⟨

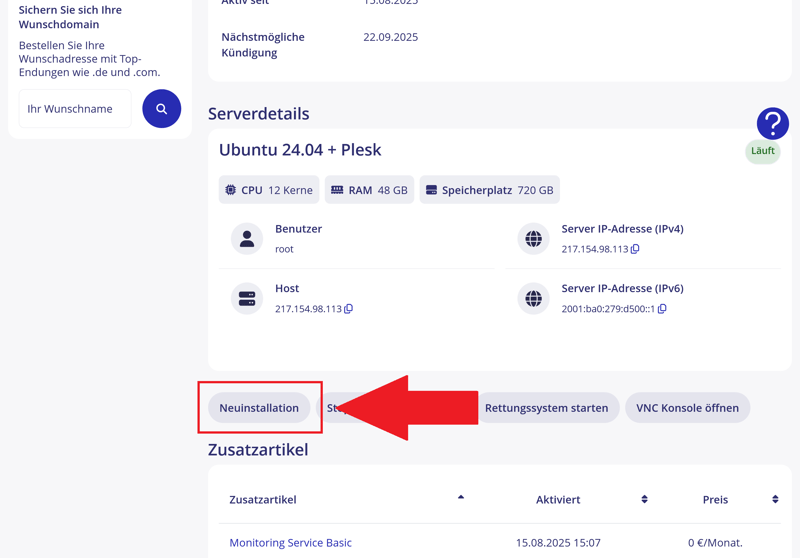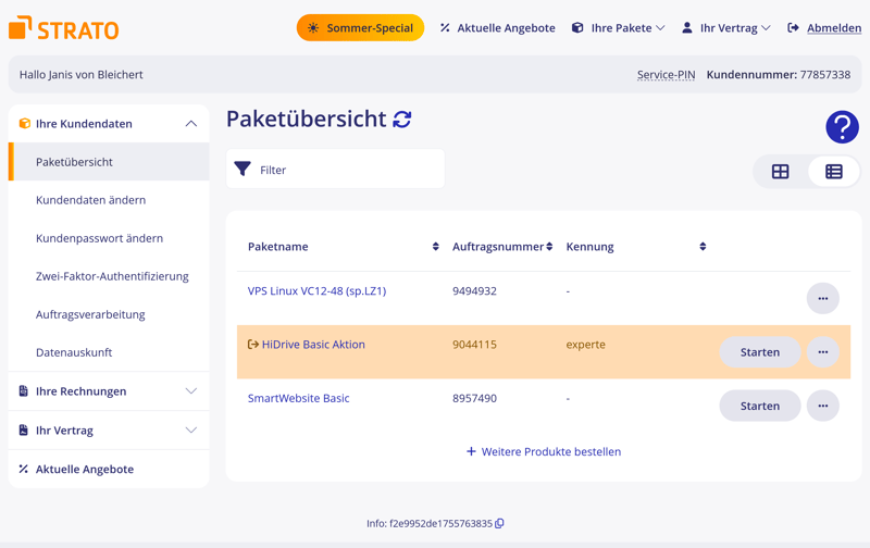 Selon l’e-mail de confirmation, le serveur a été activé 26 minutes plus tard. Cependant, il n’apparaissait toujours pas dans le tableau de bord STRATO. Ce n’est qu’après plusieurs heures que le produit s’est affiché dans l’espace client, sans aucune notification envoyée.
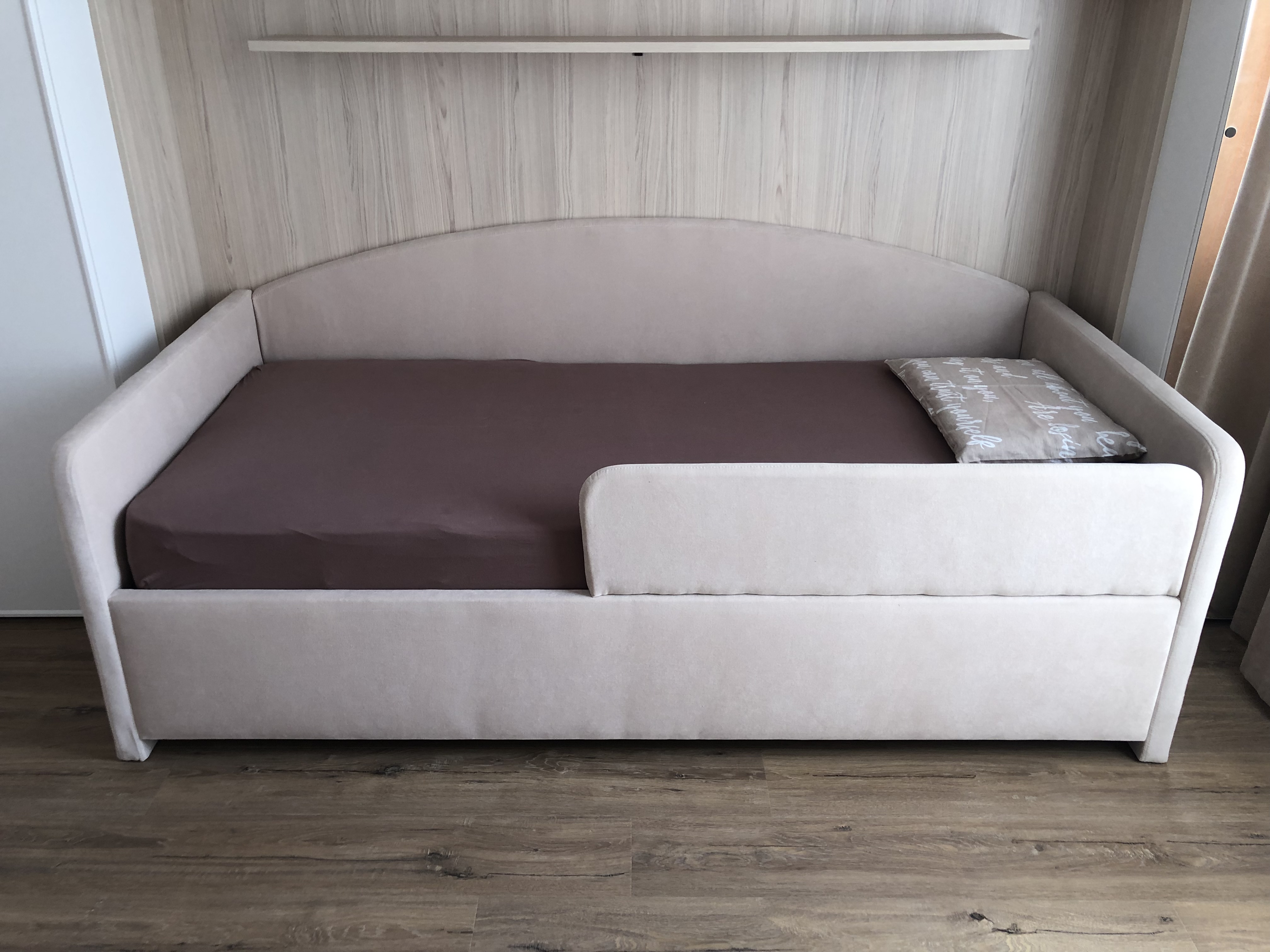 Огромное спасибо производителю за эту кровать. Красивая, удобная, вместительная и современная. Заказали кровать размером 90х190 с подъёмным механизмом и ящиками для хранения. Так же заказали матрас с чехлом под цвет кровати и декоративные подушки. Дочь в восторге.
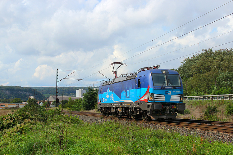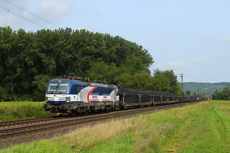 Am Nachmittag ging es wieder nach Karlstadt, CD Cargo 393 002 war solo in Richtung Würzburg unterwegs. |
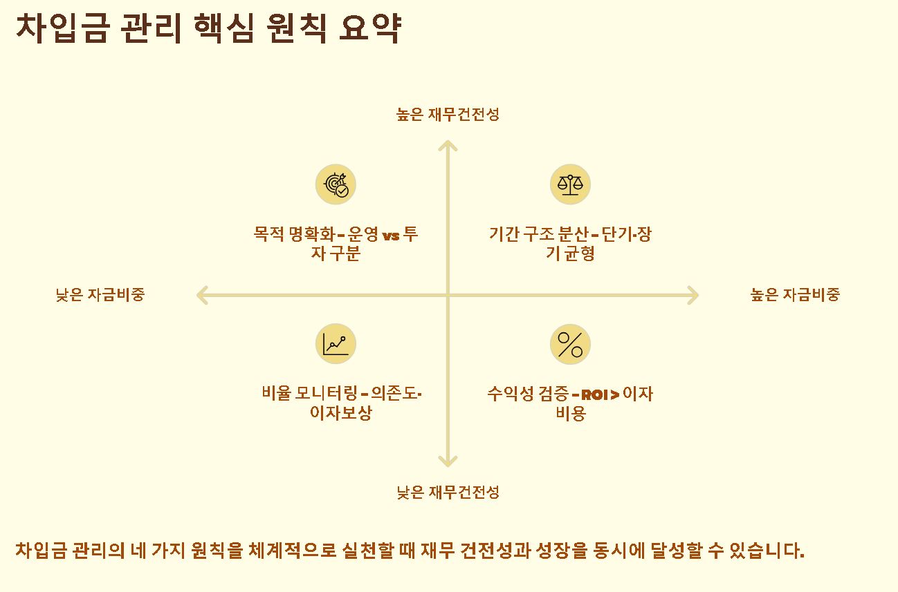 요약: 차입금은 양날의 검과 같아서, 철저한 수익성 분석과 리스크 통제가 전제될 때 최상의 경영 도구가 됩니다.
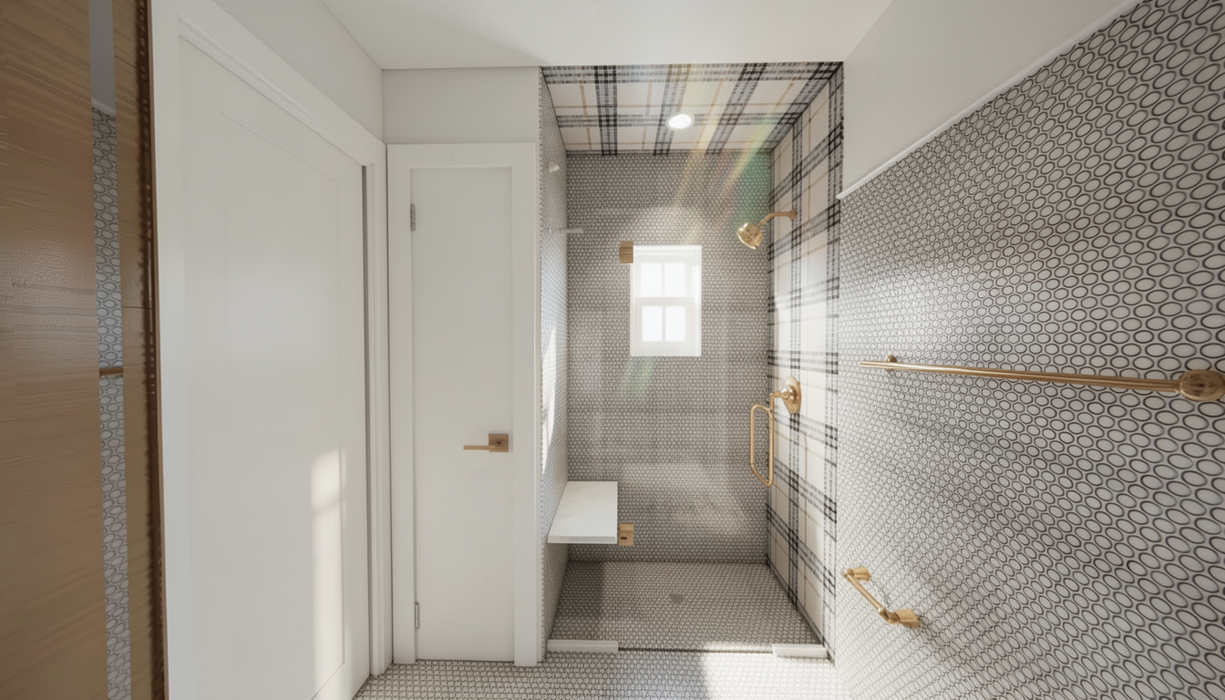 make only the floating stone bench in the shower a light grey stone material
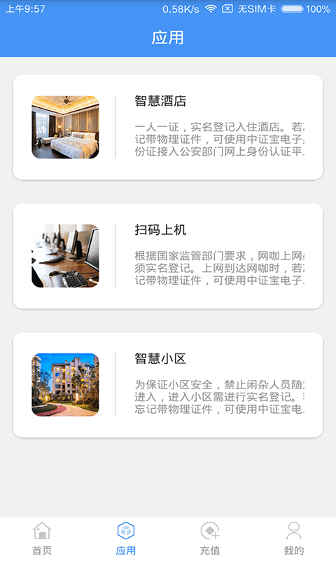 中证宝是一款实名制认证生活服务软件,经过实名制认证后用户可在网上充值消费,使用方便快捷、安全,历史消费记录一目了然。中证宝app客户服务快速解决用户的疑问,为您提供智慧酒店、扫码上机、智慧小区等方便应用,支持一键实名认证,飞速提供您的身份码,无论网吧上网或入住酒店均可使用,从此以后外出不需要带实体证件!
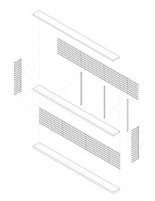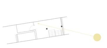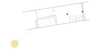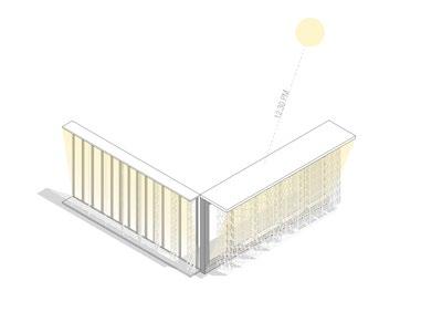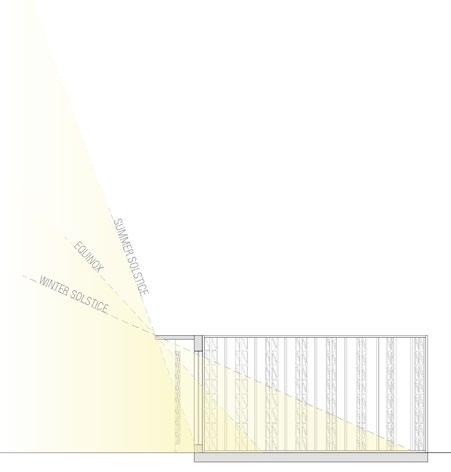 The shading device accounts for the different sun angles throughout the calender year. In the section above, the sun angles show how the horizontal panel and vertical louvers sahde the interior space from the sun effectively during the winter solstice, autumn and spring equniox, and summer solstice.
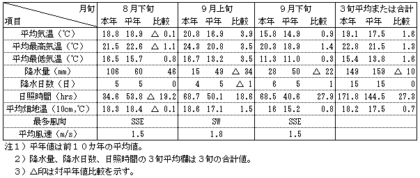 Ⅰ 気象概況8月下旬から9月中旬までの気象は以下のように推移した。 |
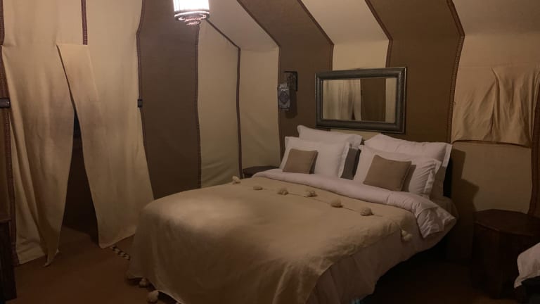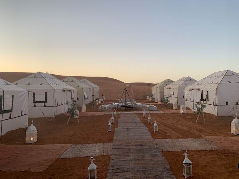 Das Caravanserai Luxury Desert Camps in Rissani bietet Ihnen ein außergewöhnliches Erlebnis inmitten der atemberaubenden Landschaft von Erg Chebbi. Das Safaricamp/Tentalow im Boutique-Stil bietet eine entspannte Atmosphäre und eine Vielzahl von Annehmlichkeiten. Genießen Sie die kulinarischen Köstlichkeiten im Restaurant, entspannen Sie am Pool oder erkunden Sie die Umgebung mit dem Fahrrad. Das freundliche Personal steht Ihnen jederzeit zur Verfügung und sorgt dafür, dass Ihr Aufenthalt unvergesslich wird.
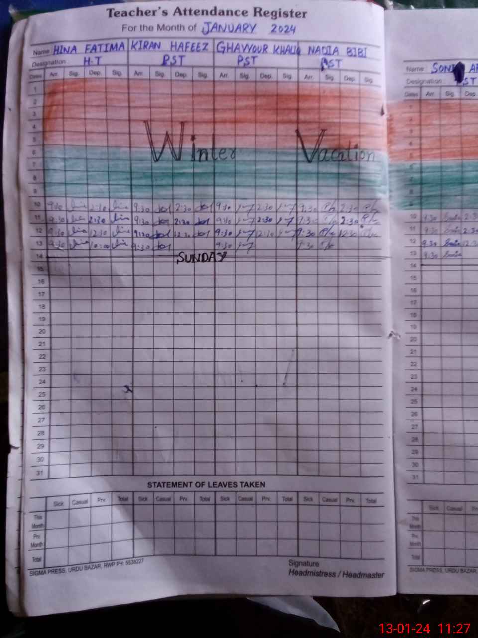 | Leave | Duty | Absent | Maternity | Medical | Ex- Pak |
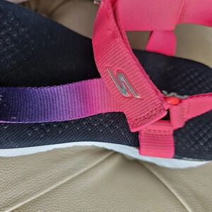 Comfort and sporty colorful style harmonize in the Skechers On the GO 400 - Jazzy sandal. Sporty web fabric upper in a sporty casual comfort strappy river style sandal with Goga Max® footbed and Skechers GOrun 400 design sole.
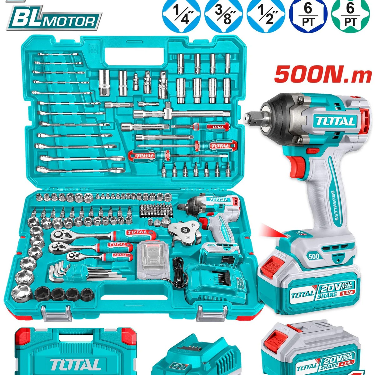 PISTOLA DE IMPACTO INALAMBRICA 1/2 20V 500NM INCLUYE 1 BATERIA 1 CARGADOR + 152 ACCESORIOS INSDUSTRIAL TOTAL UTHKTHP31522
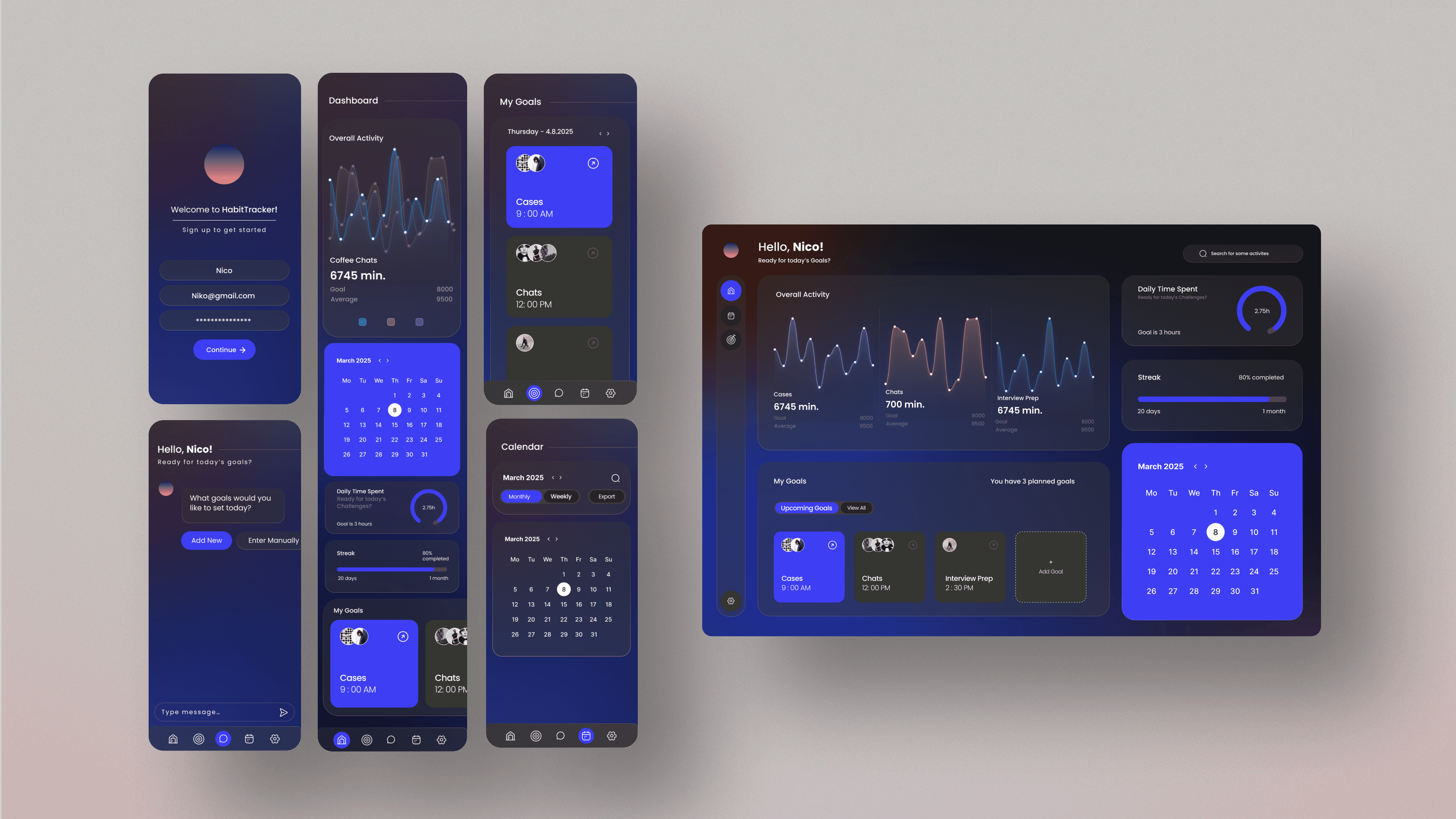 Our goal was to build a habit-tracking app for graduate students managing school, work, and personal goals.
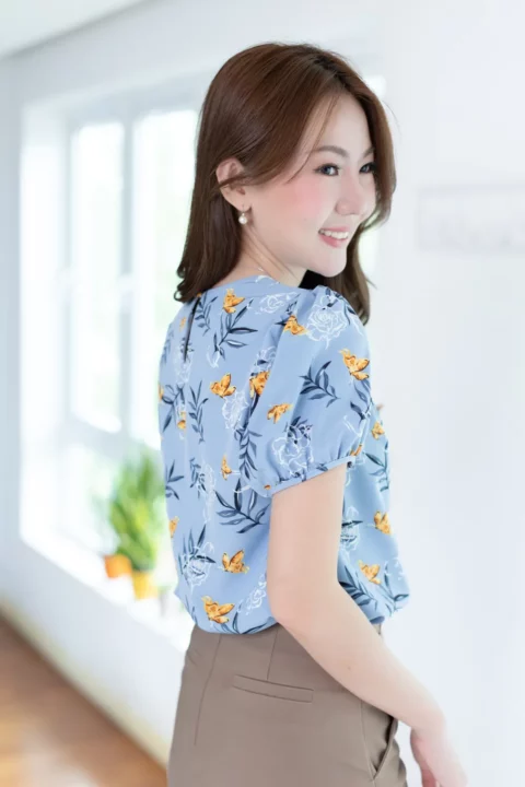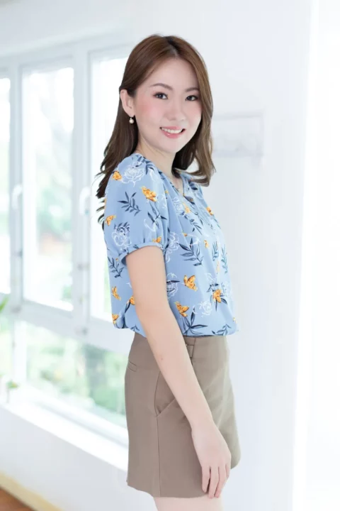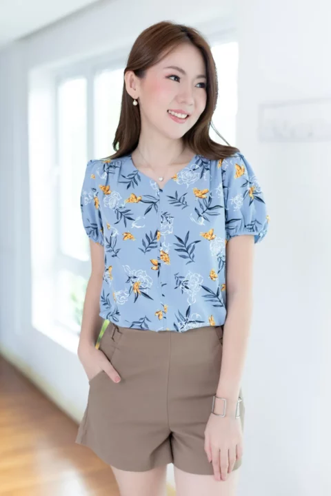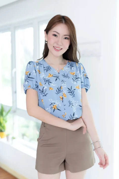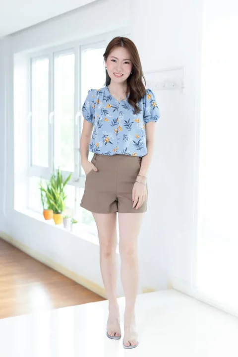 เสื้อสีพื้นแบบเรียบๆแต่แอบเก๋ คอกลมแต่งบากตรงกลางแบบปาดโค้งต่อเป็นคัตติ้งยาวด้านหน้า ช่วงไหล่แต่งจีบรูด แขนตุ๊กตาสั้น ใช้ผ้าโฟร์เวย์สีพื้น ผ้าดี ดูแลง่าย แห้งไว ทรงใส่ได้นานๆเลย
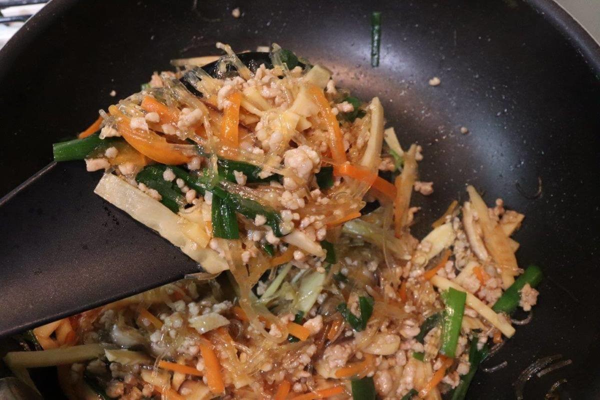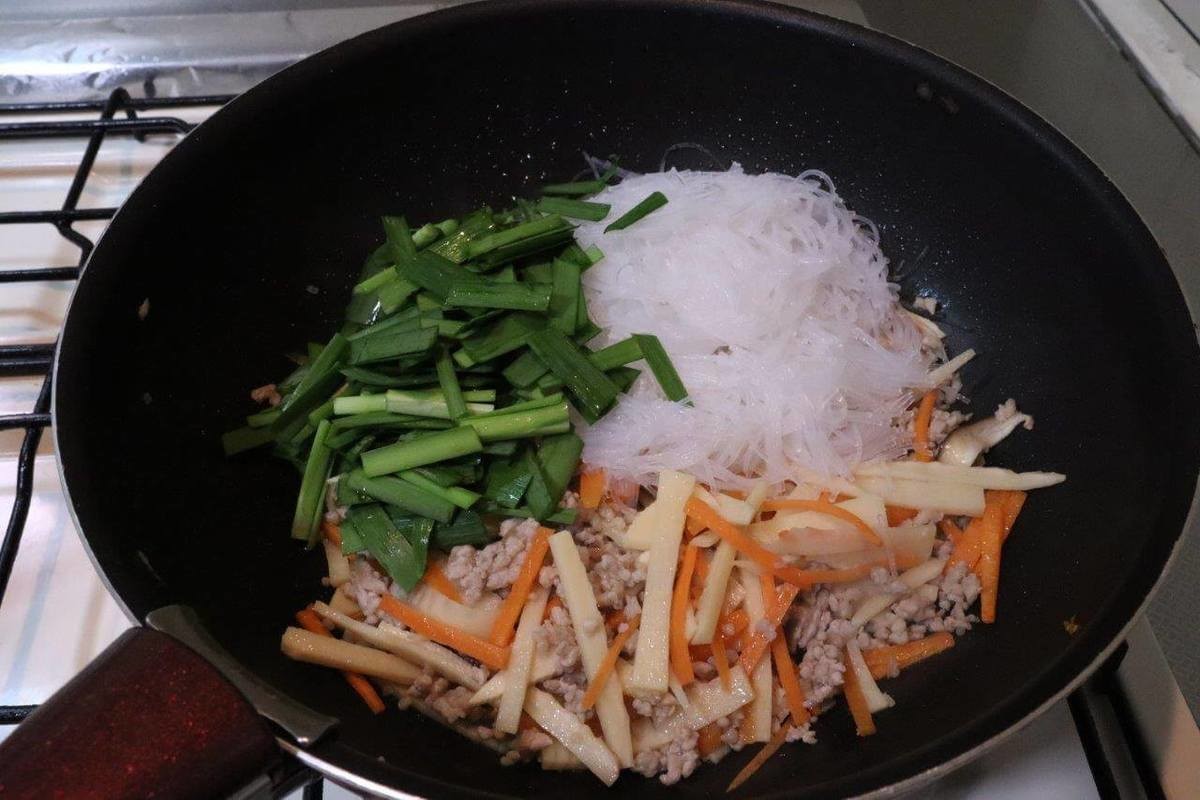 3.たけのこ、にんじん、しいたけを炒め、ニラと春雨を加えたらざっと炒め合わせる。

⟩

> GOAL OF THE EXERCISE: Transcribe the data verbatim. No picture belongs in the result.

> REPLY TO THE TASK:
 Selon l’e-mail de confirmation, le serveur a été activé 26 minutes plus tard. Cependant, il n’apparaissait toujours pas dans le tableau de bord STRATO. Ce n’est qu’après plusieurs heures que le produit s’est affiché dans l’espace client, sans aucune notification envoyée.
 Огромное спасибо производителю за эту кровать. Красивая, удобная, вместительная и современная. Заказали кровать размером 90х190 с подъёмным механизмом и ящиками для хранения. Так же заказали матрас с чехлом под цвет кровати и декоративные подушки. Дочь в восторге.
 Am Nachmittag ging es wieder nach Karlstadt, CD Cargo 393 002 war solo in Richtung Würzburg unterwegs. |
 요약: 차입금은 양날의 검과 같아서, 철저한 수익성 분석과 리스크 통제가 전제될 때 최상의 경영 도구가 됩니다.
 make only the floating stone bench in the shower a light grey stone material
 中证宝是一款实名制认证生活服务软件,经过实名制认证后用户可在网上充值消费,使用方便快捷、安全,历史消费记录一目了然。中证宝app客户服务快速解决用户的疑问,为您提供智慧酒店、扫码上机、智慧小区等方便应用,支持一键实名认证,飞速提供您的身份码,无论网吧上网或入住酒店均可使用,从此以后外出不需要带实体证件!
 The shading device accounts for the different sun angles throughout the calender year. In the section above, the sun angles show how the horizontal panel and vertical louvers sahde the interior space from the sun effectively during the winter solstice, autumn and spring equniox, and summer solstice.
 Ⅰ 気象概況8月下旬から9月中旬までの気象は以下のように推移した。 |
 Das Caravanserai Luxury Desert Camps in Rissani bietet Ihnen ein außergewöhnliches Erlebnis inmitten der atemberaubenden Landschaft von Erg Chebbi. Das Safaricamp/Tentalow im Boutique-Stil bietet eine entspannte Atmosphäre und eine Vielzahl von Annehmlichkeiten. Genießen Sie die kulinarischen Köstlichkeiten im Restaurant, entspannen Sie am Pool oder erkunden Sie die Umgebung mit dem Fahrrad. Das freundliche Personal steht Ihnen jederzeit zur Verfügung und sorgt dafür, dass Ihr Aufenthalt unvergesslich wird.
 | Leave | Duty | Absent | Maternity | Medical | Ex- Pak |
 Comfort and sporty colorful style harmonize in the Skechers On the GO 400 - Jazzy sandal. Sporty web fabric upper in a sporty casual comfort strappy river style sandal with Goga Max® footbed and Skechers GOrun 400 design sole.
 PISTOLA DE IMPACTO INALAMBRICA 1/2 20V 500NM INCLUYE 1 BATERIA 1 CARGADOR + 152 ACCESORIOS INSDUSTRIAL TOTAL UTHKTHP31522
 Our goal was to build a habit-tracking app for graduate students managing school, work, and personal goals.
 เสื้อสีพื้นแบบเรียบๆแต่แอบเก๋ คอกลมแต่งบากตรงกลางแบบปาดโค้งต่อเป็นคัตติ้งยาวด้านหน้า ช่วงไหล่แต่งจีบรูด แขนตุ๊กตาสั้น ใช้ผ้าโฟร์เวย์สีพื้น ผ้าดี ดูแลง่าย แห้งไว ทรงใส่ได้นานๆเลย
 3.たけのこ、にんじん、しいたけを炒め、ニラと春雨を加えたらざっと炒め合わせる。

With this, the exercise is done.